We will now create our first pipeline to transform the data for the training phase. We will first use a Random Forest model and then compare with a gradient boosting model.

  1. Create the ColumnTransformer instance for the preprocessing step. Go and check scikit-learn’s documentation.

    For the preprocessing step, you have to :

    • transform the trans_date variable, a Timestamp feature to a elapsed feature (ref_date = '2010-01-01 00:00'). You can create a new function date_to_days, and apply it with scikit-learn’s FunctionTransformer. Note that the output of your date_to_days function should be a Python array and that .to_numpy().reshape(-1, 1) applied to a Pandas Series will transform it to the correct type ;
    • apply the chosen encoding method (OneHotEncoder) on categorical features.
See the solution
from sklearn.compose import ColumnTransformer
from sklearn.preprocessing import OneHotEncoder, FunctionTransformer


def date_to_days(X: pd.Series, ref_date:pd.Timestamp):
    # converts a date to a difference to ref_date : 
    diff_dt = pd.to_datetime(X) - ref_date
    # Extract days part from datetime object
    diff_dt = diff_dt.dt.days
    # Transform it from a Pandas series to a Numpy nd array, used by scikit learn for input
    diff_dt = diff_dt.to_numpy().reshape(-1, 1)

    return diff_dt 
    
date_transformer = FunctionTransformer(
    date_to_days,
    kw_args={"ref_date": pd.Timestamp('2010-01-01 00:00')}
    )

preprocessor = ColumnTransformer(
    transformers=[
        ("cat", OneHotEncoder(handle_unknown="ignore"), ["prop_type", "prop_year_harm_10"]),  # one-hot encoder on feature
        ("dat", date_transformer, "trans_date") # feature time since 01-01-2010
    ],
    remainder="passthrough"  # to keep features not transformed
) 
  1. Create the Pipeline for training a RandomForestRegressor model. Go to the scikit-learn’s documentation on the matter to understand how it works.

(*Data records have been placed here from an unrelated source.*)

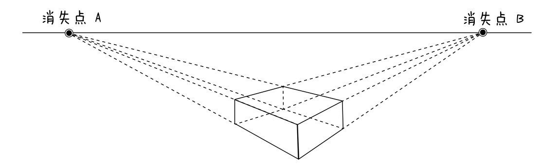 成角透视也叫“两点透视”,即物体向视平线的某两点消失。两点透视法是指视平线上有两个消失点,所绘制的立体结构(如下图所示)有两个消失点,两个面都用斜线绘制,强调了进深感。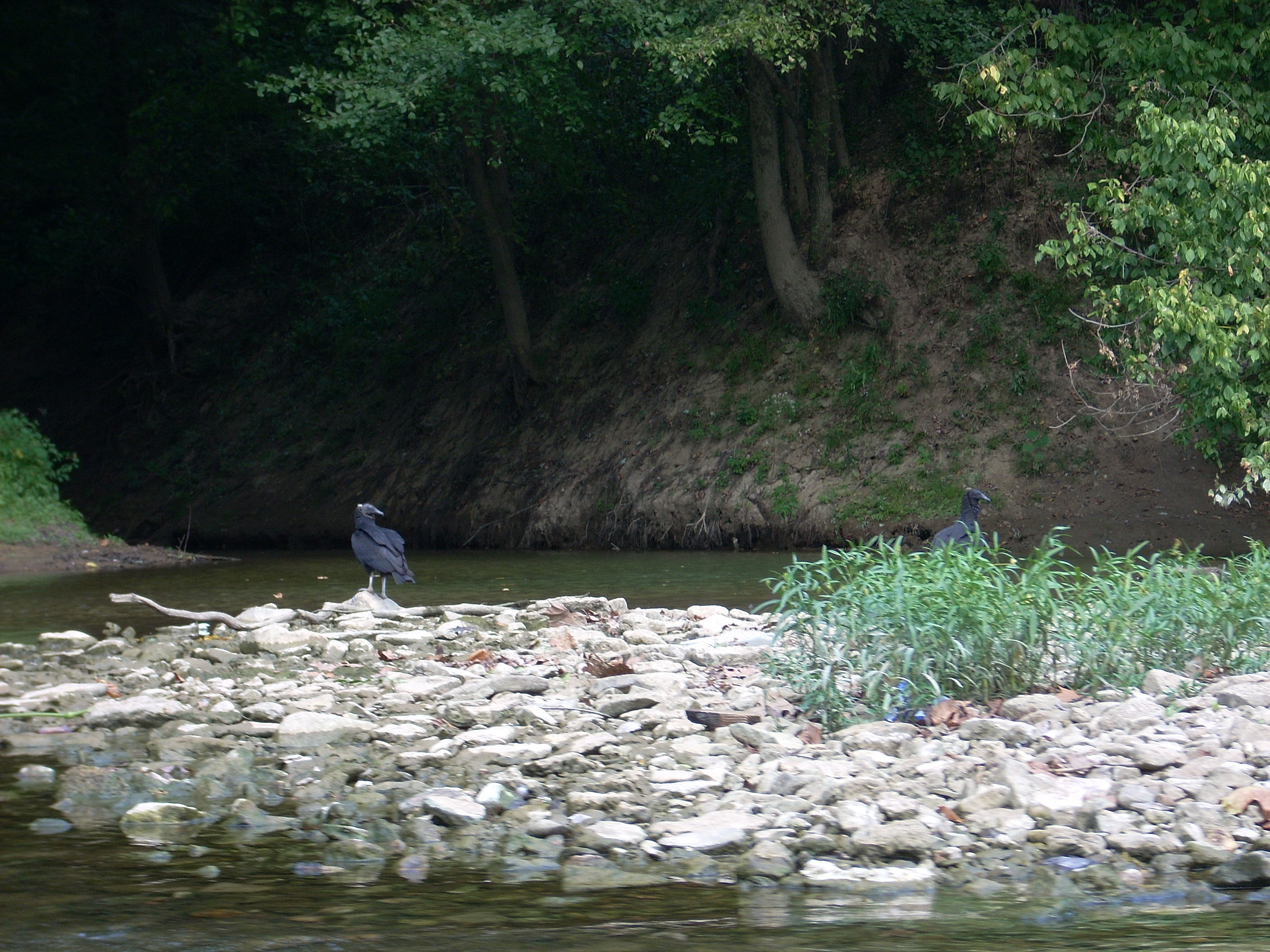 There were several turkey buzzards here that were not scared off by my presence. They were too intent on fishing it seems. Some of them do a peculiar thing: they’ll sit in a line atop a log looking down with their wings spread apart as if ready to take flight at the first sign of a fish. They do this so closely together though, that the crowding would seem to take away any advantage that this would gain.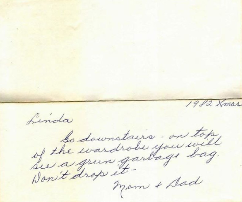 Then there was the farm set that I (finally) got for Christmas at age 26.  This gift was a joke of sorts, because as a young girl, I asked Santa for a toy farm set one year.  I had visited a family member’s farm where I got my pet rabbit “Scratch” and was enamored with the barnyard animals.  Admittedly, toys in the 50s or 60s were more gender specific, i.e. girls played with baby dolls, boys with trucks and GI Joes, so it was suggested to me nicely that “little girls don’t play with farm sets” … but, lo and behold, for Christmas 1982, there was a small package under the tree with this note on Christmas stationery inside …
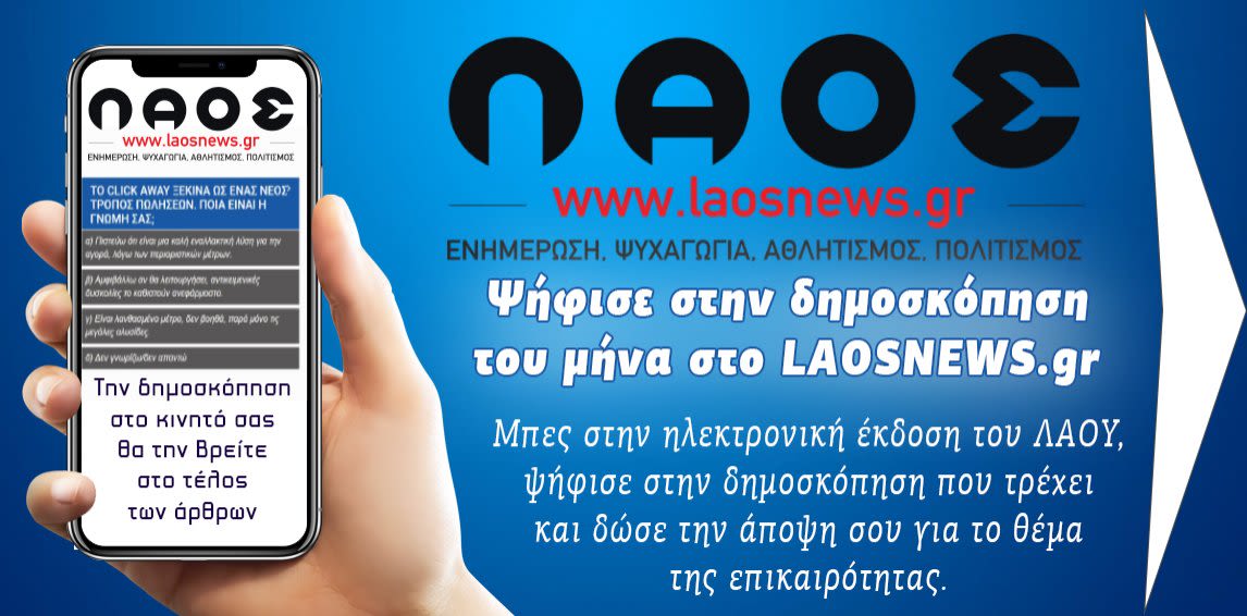 Μπες στην ηλεκτρονική έκδοση του ΛΑΟΥ, ψήφισε στην δημοσκόπηση που τρέχει και δώσε την άποψη σου για το θέμα της επικαιρότητας.

    For the pipeline steps, you have to :

    • create a FunctionTransformer instance for the log transformation of the target with either np.log or your own defined log_transform and inverse_log_transform functions ;
    • create a pipeline rf_pipeline with the preprocessing step preprocessor defined above and a RandomForestRegressor model ;
    • Write all hyperparameters you want to use for the RandomForestRegressor instance - have a tour on the documentation ;
    • apply this target transformation to the pipeline with TransformedTargetRegressor.
See the solution
from sklearn.preprocessing import OneHotEncoder, FunctionTransformer
from sklearn.compose import ColumnTransformer, TransformedTargetRegressor
from sklearn.pipeline import Pipeline
from sklearn.ensemble import RandomForestRegressor

def log_transform(y):
    return np.log10(y)

def inverse_log_transform(y):
    return 10 ** y

y_transformer = FunctionTransformer(
    func = log_transform,
    inverse_func = inverse_log_transform)

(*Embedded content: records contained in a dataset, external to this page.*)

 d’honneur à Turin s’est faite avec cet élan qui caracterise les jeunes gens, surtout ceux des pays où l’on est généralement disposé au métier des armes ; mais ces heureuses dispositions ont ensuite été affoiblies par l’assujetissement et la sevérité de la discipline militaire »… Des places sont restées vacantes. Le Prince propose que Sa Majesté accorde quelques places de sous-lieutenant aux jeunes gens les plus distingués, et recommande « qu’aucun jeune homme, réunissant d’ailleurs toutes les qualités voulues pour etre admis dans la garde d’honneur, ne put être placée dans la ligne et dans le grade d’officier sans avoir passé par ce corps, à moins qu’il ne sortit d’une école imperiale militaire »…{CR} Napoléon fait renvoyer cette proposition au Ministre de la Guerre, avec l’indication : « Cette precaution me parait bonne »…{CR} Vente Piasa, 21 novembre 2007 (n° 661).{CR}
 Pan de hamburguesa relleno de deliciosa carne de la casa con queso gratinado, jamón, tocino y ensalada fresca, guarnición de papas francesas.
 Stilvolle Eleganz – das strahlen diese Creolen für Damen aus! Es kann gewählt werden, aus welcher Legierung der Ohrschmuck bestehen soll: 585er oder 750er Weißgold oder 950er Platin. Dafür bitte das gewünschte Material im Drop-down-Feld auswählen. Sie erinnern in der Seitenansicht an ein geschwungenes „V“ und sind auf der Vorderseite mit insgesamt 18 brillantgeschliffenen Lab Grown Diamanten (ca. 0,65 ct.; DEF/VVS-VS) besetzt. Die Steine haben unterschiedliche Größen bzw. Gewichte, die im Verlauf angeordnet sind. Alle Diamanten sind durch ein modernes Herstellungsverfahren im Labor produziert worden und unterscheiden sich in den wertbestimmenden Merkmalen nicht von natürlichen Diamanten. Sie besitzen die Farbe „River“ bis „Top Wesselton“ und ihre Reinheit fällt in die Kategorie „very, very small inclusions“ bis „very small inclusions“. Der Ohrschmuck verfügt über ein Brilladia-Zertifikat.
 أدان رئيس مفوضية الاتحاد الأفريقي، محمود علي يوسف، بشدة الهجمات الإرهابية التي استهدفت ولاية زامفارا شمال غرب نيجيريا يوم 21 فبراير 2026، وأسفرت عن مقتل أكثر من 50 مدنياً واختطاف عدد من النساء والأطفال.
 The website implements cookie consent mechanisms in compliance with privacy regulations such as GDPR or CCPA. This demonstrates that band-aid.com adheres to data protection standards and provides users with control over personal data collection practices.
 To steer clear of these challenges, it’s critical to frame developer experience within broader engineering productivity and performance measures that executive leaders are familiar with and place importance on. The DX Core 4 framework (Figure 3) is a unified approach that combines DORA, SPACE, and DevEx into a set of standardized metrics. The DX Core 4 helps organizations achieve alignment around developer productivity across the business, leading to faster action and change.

# Other option with Numpy : 
# y_transformer = FunctionTransformer(
#     func=np.log,
#     inverse_func=np.exp)

rf_params = {
    "n_estimators": 100,
    "max_depth": 5,
    "max_features": "sqrt",
    "min_samples_split": 2,
    "min_samples_leaf": 10,
    "random_state": RANDOM_STATE,
    "oob_score": True,
    "n_jobs": -1,  # The number of jobs to run in parallel, -1 using all processors
}

rf_pipeline = Pipeline([
    ('preprocessing', preprocessor),
    ('RF', RandomForestRegressor(**rf_params))
])

model = TransformedTargetRegressor(
    regressor=rf_pipeline,
    transformer=y_transformer
)

Congrats ! You have completed the data preparation exercises. Now you can choose one of the two model you’ll want to train - or do both ! 💪

Tip

Scikit-learn allows you to access every step defined in the rf_pipeline (preprocessing or RF).

rf_pipeline["preprocessing"]   # access to the first step
rf_pipeline["RF"]   # access to the second step

For more details, go to the documentation.